# WHAT THIS TASK INVOLVES
Take the lines in the listing below from the line with "縦ラインのアクセントが映える" up to and including the line with "Data for standard" and set them down exactly, skipping pictures and adding nothing.

# DATA
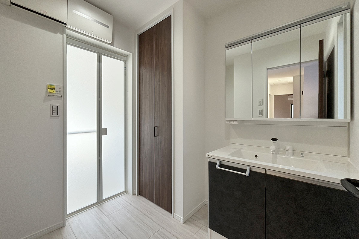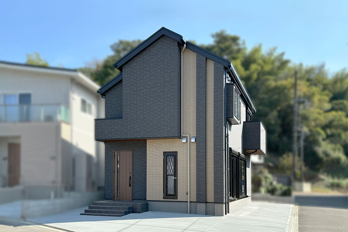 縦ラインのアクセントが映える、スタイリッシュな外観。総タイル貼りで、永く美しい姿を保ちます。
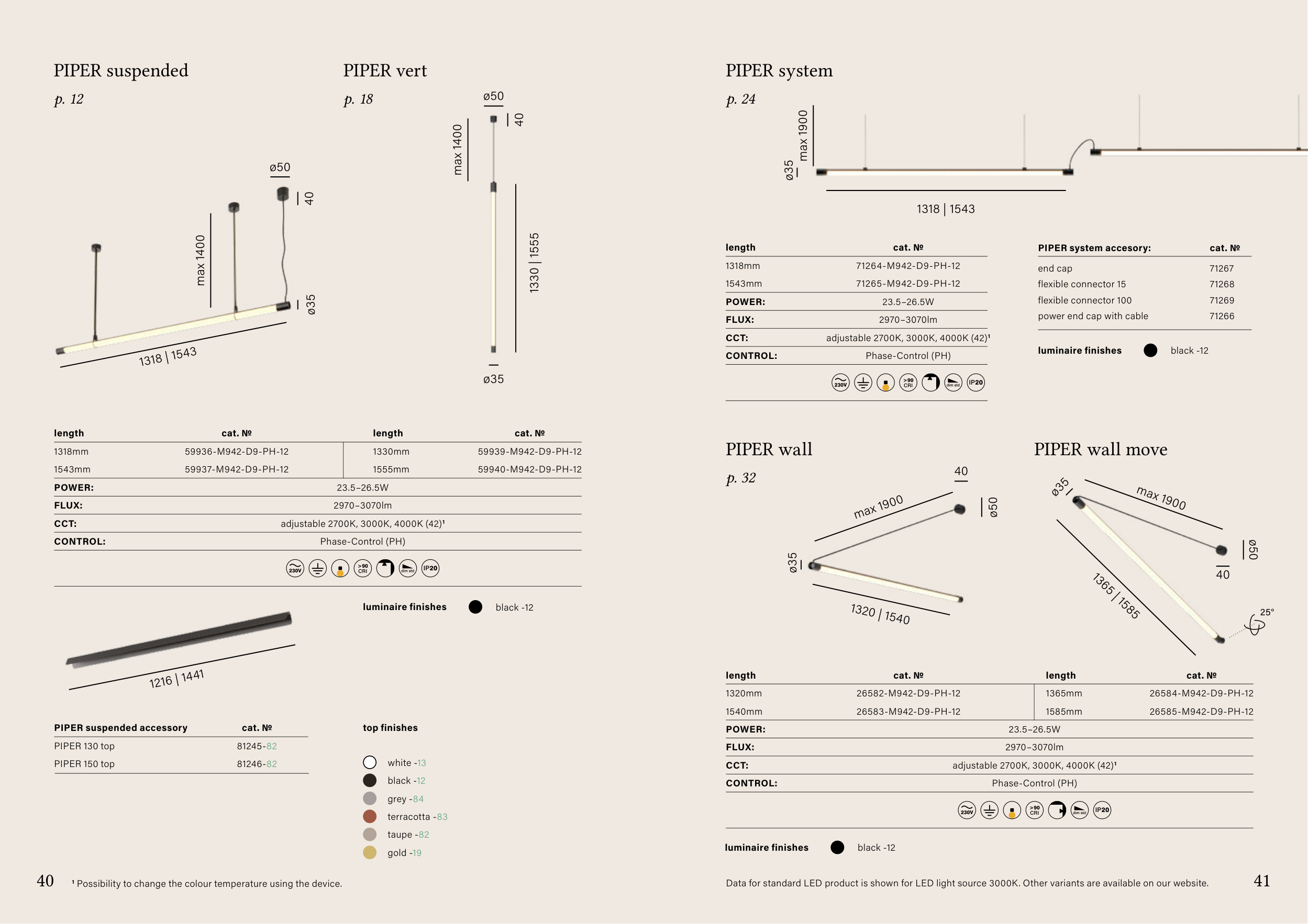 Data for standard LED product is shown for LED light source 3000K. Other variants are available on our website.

==

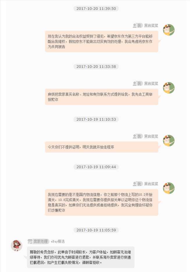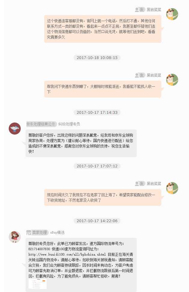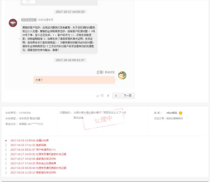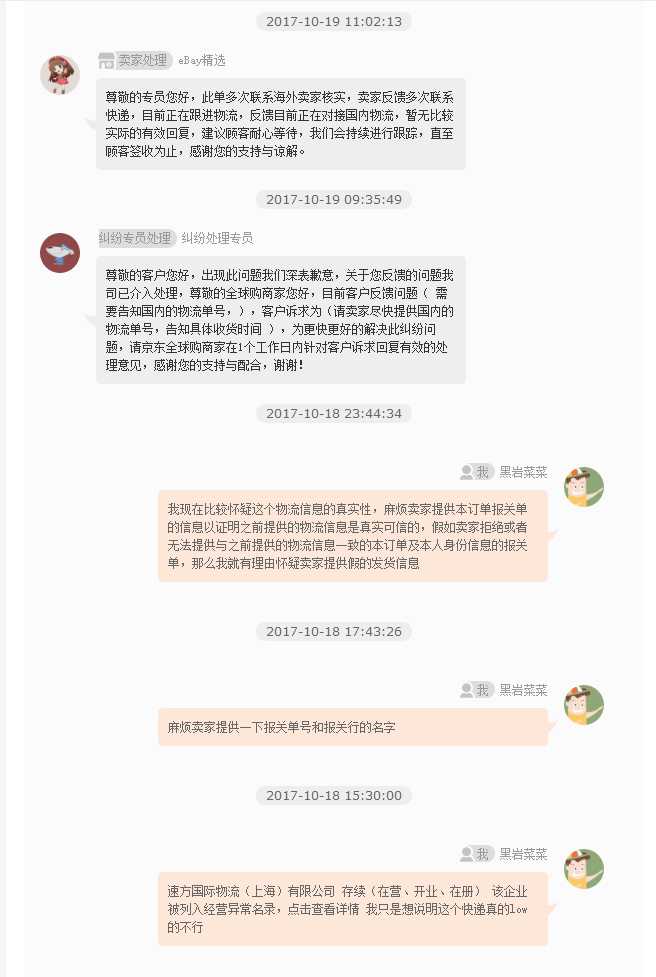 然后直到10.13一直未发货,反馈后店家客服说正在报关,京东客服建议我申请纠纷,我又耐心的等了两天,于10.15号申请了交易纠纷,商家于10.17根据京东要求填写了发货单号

# ANSWER TO THIS PROBLEM
 縦ラインのアクセントが映える、スタイリッシュな外観。総タイル貼りで、永く美しい姿を保ちます。
 Data for standard LED product is shown for LED light source 3000K. Other variants are available on our website.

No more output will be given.